Descriptive statistics and intercorrelations for the 11 first-order MMC-SF subscales in Sample 2 (N = 2037) are presented in Table 2. Subscale means ranged from 1.78 to 3.17 (SDs = 0.68–0.93), and skewness and kurtosis were generally within ±1, indicating no severe departures from normality and adequate score variability. The correlations suggested two coherent groupings: strategizing, help-seeking, comfort-seeking, self-encouragement, and commitment tended to be moderately to strongly interrelated, whereas confusion, concealment, self-pity, rumination, and projection showed a separate pattern of moderate to strong intercorrelations. Escape displayed a more diffuse pattern, with small to moderate correlations with both groupings.
Evidence for reliability was also strong: all subscales displayed high internal consistency and generally moderate four-week test–retest stability in a subsample (N = 367). Consistent with its more diffuse correlational profile as noted, escape emerged as the most distinctive dimension and exhibited the weakest stability (intraclass correlation coefficient [ICC] = 0.25). Together, these findings indicated improved structural fit and dependable subscale scores, justifying further evaluation of the validity and measurement invariance of the MMC-SF.
3.1.3. Measurement Invariance
The 11-factor MMC-SF demonstrated scalar invariance across gender and school level (junior vs. senior high school), supporting latent mean comparisons (Table 3). Residual (strict) invariance was acceptable for gender based on ΔCFI/ΔTLI, although the SRMR increased at the residual step. In contrast, strict invariance was not supported across school levels, where fit deteriorated markedly at the residual-constrained step (ΔCFI = −0.041; ΔSRMR = 0.136), suggesting differences in item residual variances between junior and senior high school students.
3.2. The Higher-Order Structure: Identification and Validation of the Functional Model
3.2.1. Exploration of the Higher-Order Structure
In the exploratory sample (Sample 1), the inter-factor correlation matrix was suitable for higher-order factor analysis (Kaiser-Meyer-Olkin [KMO] = 0.827; Bartlett’s χ^2^(55) = 5722.68, p < 0.001). The eigenvalue pattern suggested a limited number of broad dimensions, with two eigenvalues exceeding 1 (λ_1_ = 3.24, 29.46%; λ_2_ = 3.13, 28.41%) and a third approaching unity (λ_3_ = 0.94, 8.50%). Parallel analysis based on the 95th percentile criterion supported retaining four higher-order factors (λ_4_ = 0.13, p95 = 0.08; λ_5_ = 0.03, p95 = 0.05).

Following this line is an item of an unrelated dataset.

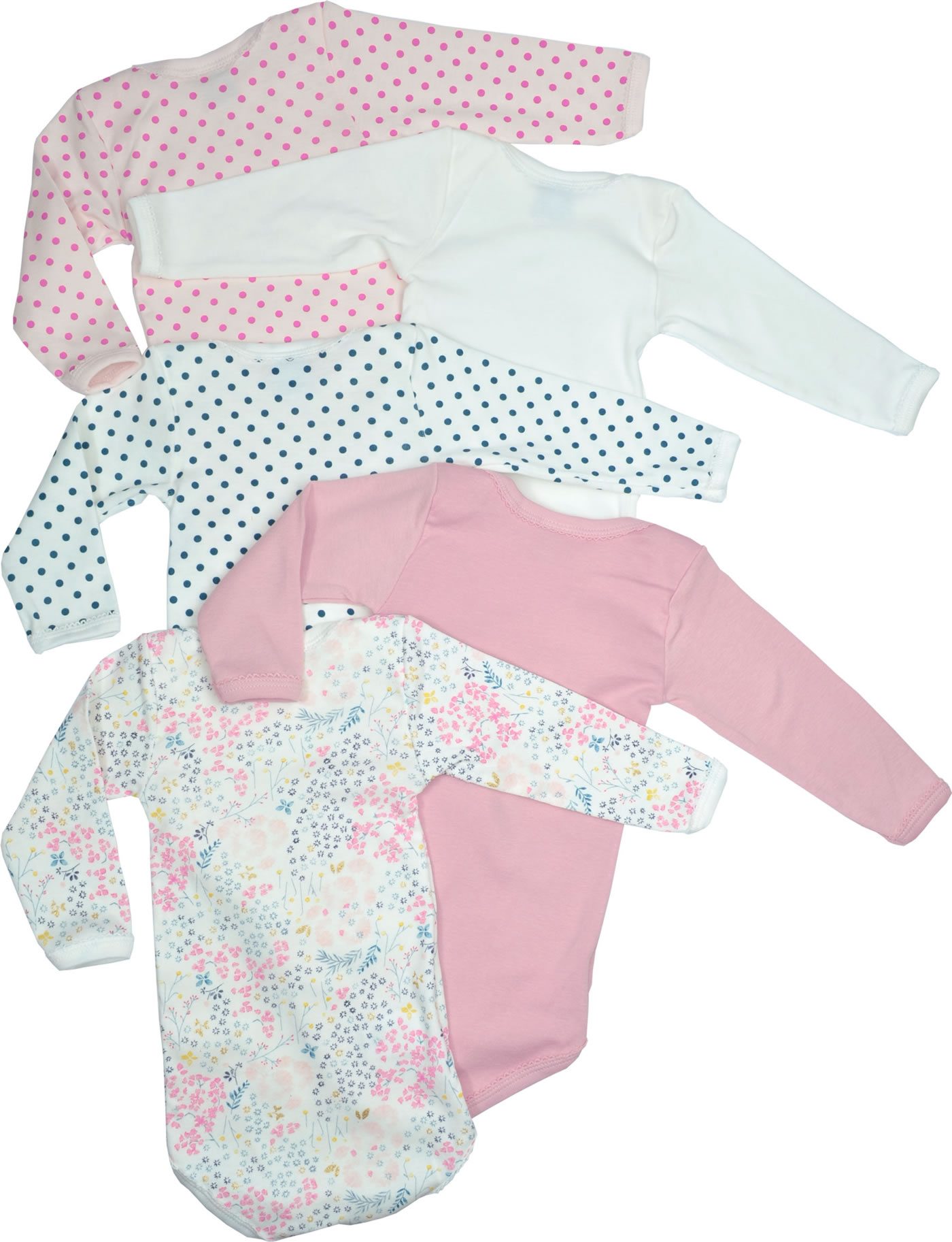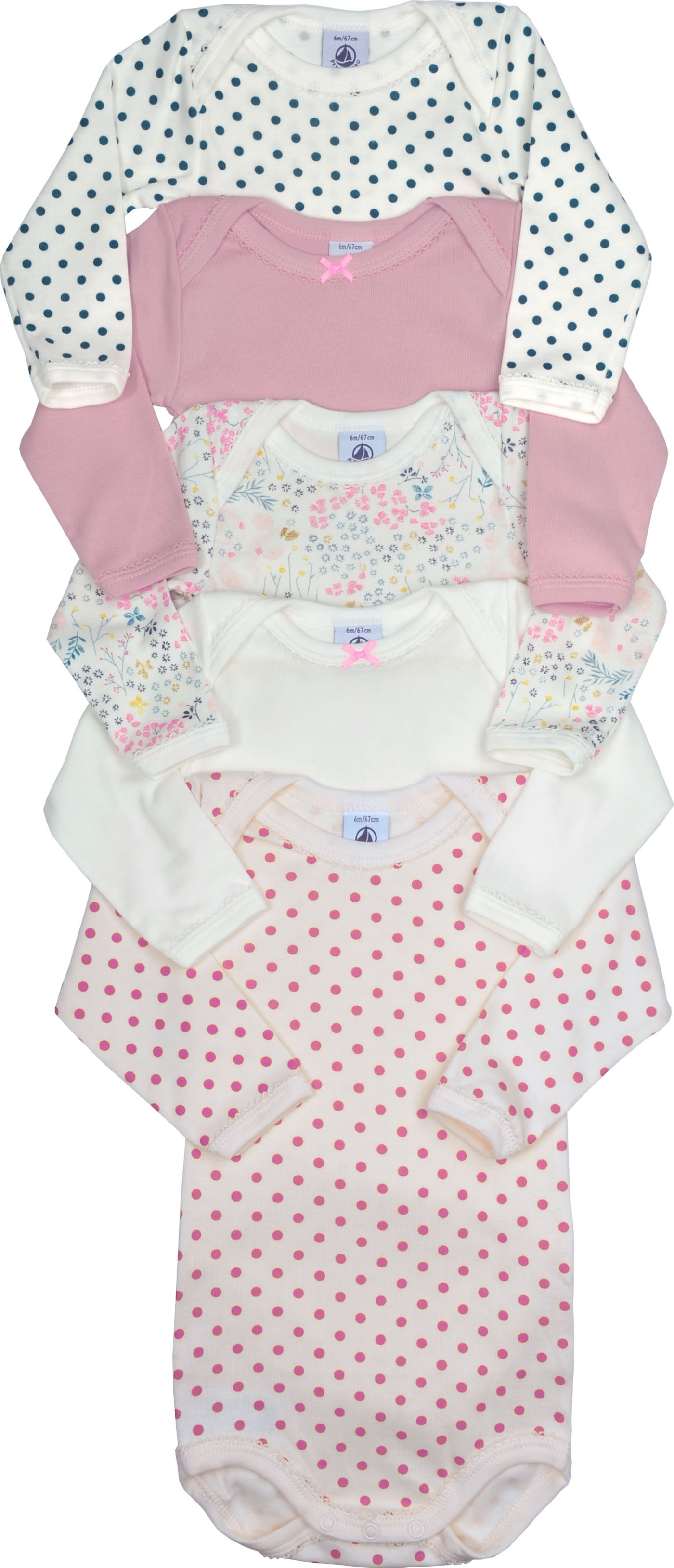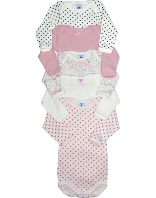 Petit Bateau Body Langarm 5er Set Blumen Punkte rosa/weiß

Considering the original scale’s two-factor structure and the current indication of three to four potential factors, we systematically tested two-, three-, and four-factor models to identify the optimal structure.

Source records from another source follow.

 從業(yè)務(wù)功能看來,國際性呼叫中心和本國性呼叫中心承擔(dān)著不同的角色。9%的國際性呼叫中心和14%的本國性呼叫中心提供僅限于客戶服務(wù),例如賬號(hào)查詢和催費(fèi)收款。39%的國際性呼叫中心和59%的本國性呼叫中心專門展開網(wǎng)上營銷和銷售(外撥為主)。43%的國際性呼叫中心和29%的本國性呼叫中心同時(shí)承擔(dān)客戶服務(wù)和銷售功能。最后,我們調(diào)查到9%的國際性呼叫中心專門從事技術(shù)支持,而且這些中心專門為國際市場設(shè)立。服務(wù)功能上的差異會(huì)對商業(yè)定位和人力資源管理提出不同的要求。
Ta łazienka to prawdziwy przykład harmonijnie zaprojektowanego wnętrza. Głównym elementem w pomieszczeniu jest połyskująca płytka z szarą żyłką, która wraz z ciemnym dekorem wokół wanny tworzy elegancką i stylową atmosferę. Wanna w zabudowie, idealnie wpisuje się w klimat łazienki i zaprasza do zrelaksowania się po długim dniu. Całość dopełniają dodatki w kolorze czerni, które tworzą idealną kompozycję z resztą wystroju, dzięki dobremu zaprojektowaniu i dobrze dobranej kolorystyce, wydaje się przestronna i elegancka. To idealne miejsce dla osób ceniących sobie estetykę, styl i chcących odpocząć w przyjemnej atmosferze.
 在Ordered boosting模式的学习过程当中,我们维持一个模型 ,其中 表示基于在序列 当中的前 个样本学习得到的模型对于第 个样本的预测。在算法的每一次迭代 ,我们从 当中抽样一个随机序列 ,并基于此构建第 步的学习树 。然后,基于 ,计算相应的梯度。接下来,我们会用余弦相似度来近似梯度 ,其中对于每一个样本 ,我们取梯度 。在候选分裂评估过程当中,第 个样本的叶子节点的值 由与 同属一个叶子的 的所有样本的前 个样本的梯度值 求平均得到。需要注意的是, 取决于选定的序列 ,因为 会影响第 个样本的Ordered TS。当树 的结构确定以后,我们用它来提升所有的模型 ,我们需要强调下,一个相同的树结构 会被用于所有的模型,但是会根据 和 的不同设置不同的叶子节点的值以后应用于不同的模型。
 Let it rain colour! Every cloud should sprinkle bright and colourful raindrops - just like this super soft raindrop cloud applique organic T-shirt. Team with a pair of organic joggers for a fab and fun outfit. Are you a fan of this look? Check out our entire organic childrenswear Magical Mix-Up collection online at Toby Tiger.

Table 4 reports standardized pattern coefficients from higher-order EFAs across alternative solutions. The two-factor solution showed an interpretive inconsistency, as escape loaded weakly (λ = 0.36) and aligned with the factor dominated by dimensions that were originally classified as adaptive. The three-factor solution clarified this pattern, with escape forming a distinct third factor (λ = 0.49). In the four-factor solution, help-seeking (λ ≈ 0.98) was largely isolated without improving overall coherence, while projection’s cross-loadings persisted (primary loading 0.48 vs. 0.38). Although projection cross-loaded, its strongest loading was on disengagement rather than escape, supporting its retention there.
Although parallel analysis (95th percentile) suggested four factors, the four-factor solution showed signs of overfactoring and offered no conceptual advantage over the three-factor solution; therefore, we retained the more interpretable and parsimonious three-factor hybrid structure for subsequent analyses: (1) proactive engagement (strategizing, help-seeking, comfort-seeking, self-encouragement, and commitment), (2) defensive disengagement (confusion, concealment, self-pity, rumination, and projection), and (3) escape coping, retained as a distinct first-order factor.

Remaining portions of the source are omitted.